16.41 – Incontro Renzi-Berlusconi, Lupi: “No a due partiti che decidono eliminare altri”
“Bisogna fare la legge elettorale efarla rapidamente. Ci sono le condizioni per farla d’accordo con la maggioranza e nel dialogo con l’opposizione. Noi abbiamo già indicato i criteri”. Lo ha detto il ministro delle Infrastrutture Maurizio Lupi, a margine del primo convegno nazionale dei giovani di Ncd a Pesaro. “L’unica cosa che non si può fare – ha aggiunto – è che due partiti decidano per legge di eliminare tutti gli altri”. Sì al dialogo “con tutti, ma poi ognuno eserciterà le proprie responsabilità”.

16.33 – Incontro Renzi-Berlusconi, Salvini: “Pronto a incontrare entrambi”
Il segretario della Lega Nord Matteo Salvini, intervenuto a Padova in visita ai banchetti organizzati in vista delle elezioni amministrative, in merito all’ipotesi di incontrare il segretario del Pd Matteo Renzi ha detto: “Io incontro tutti, basta che me lo chiedano, io non mi auto-invito a casa di nessuno”.

16.28 – Incontro Renzi-Berlusconi, Schifani: “Se Renzi vuole governo con lui, vada”
“Berlusconi per ora è all’opposizione.
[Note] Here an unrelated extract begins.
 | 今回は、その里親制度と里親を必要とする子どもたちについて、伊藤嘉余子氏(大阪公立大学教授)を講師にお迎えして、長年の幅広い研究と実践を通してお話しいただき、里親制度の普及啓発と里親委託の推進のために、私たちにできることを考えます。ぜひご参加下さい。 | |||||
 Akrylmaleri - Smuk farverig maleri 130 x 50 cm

Se poi Renzi vuole fare un governo con lui, vada pure avanti”. Lo ha detto il presidente di Ncd Renato Schifani, a margine del primo convegno nazionale dei giovani di Ncd “#osiamo” in corso a Pesaro. “Non ci infastidisce che Renzi incontri Berlusconi, è il presidente di Forza Italia”. Ma gli accordi “vanno fatti anche con Ncd” e quelli per le riforme si fanno “a più mani e a più teste” e “non a due”.

16.17 – Incontro Renzi-Bertlusconi, Saltamartini (Ncd): “Ipoteca pesante sul governo”
Se l’intenzione di Renzi è fare una legge elettorale con un partito dell’opposizione, accordandosi sul modello spagnolo, ovvero, un Porcellum mascherato che esclude ai cittadini il diritto di scegliere i propri rappresentanti, con candidati calati dall’alto e scelti dai segretari dei partiti, è chiaro che questo porrebbe un’ipoteca pesante sul governo”. Lo dichiara, in una nota, Barbara Saltamartini, deputato del Nuovo Centrodestra.
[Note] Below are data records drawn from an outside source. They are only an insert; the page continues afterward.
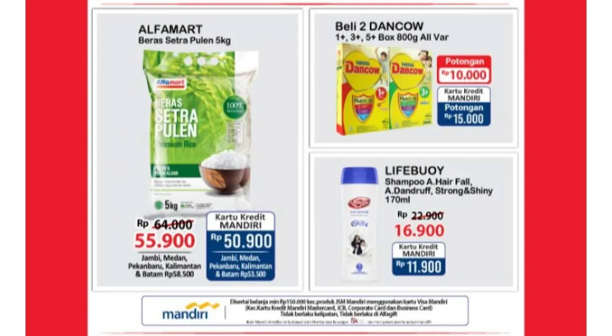 - Disertai belanja min. Rp 150.000 kecuali produk JSM Mandiri
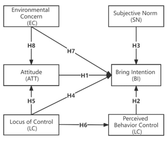 Behavioral intention and actual behavior share the same influential factors, but compared with actual behaviors, behavioral intention is more correlated with the influential factors [30]. Therefore, this study analyzes the influential factors on consumers’ intention to bring a reusable bag for shopping. Based on the existing literature of TPB application in pro-environmental behaviors, five variables are analyzed in this study, including the three basic variables of TPB, i.e., attitude (ATT), perceived behavioral control (PBC), and subjective norm (SN), and two extended variables, i.e., locus of control (LC) and environmental concern (EC).
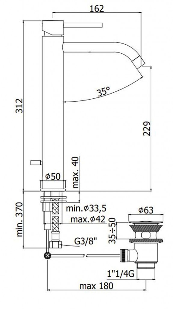 - dĺžka výtoku 162 mm
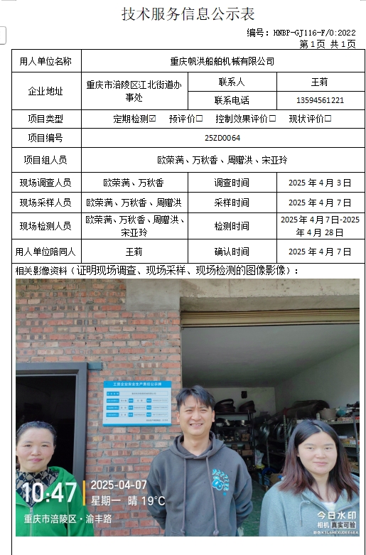 重庆帆洪船舶机械有限公司定期检测项目公示

16.09 – Iniziato l’incontro Renzi-Berlusconi
E’ iniziato una manciata di minuti dopo le 16 l’incontro tra Matteo Renzi e Silvio Berlusconi sulla legge elettorale alla sede del Pd. Il segretario dei Democratici e il leader di Forza Italia sono a colloquio nella stanza di Renzi al secondo piano della sede di largo del Nazareno. Contro ogni aspettativa il Cavaliere è entrato da un ingresso secondario, spiazzando soprattutto i giornalisti, i quali sono rimasti dietro un cordone creato dalle forze dell’ordine. Dall’altra parte della strada, invece, sempre dietro alla polizia c’è un gruppo di manifestanti che, mentre l’incontro con Renzi è in corso, continua a gridare slogan contro Berlusconi e il segretario del Pd.
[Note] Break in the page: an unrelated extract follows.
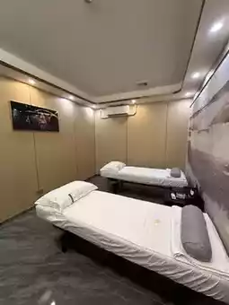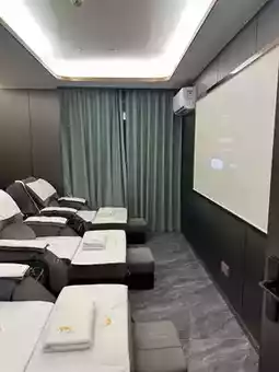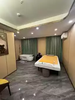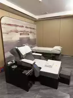 Sauna, drinks and fruits are also provided. The massage mainly targets tired parts, such as shoulders. The massager will go out to get cupping/scraping in the middle of the massage. After use, the massager will wash his hands and massage his head.

16.06 – Incontro Renzi-Berlusconi, Carbone: “Nessun accordo già scritto”
“Finalmente siamo alla stretta finale per cambiare una legge elettorale che tutti hanno chiamato Porcellum fino a ora. Pare che Forza Italia propenda per il cosiddetto modello spagnolo, ma non c’è come dicono tutti nessun accordo scritto, l’importante è avere finalmente una legge elettorale degna di un paese serio ed europeo, non come l’abbiamo avuta fino ad adesso”. Lo ha dichiarato Ernesto Carbone del Partito democratico, a Tgcom24.

16.01 – Incontro Renzi-Berlusconi, lancio di uova su macchina Cavaliere
Un gruppo di persone ha lanciato alcune uova sull’auto di Silvio Berlusconi, mentre stava entrando nella sede del Pd, in via del Nazareno, per l’incontro con Matteo Renzi. Alcuni manifestanti del Popolo Viola, capeggiati da Gianfranco Mascia, gridano “Vergogna! Vergogna”. 

16.00 – Berlusconi arrivato alla sede Pd per l’incontro con Renzi
Silvio Berlusconi è appena giunto nella sede del Pd per incontrare Matto Renzi. Al centro del colloquio la possibilità di chiudere una intesa sulla legge elettorale. Berlusconi è entrato in macchina nella sede del Pd.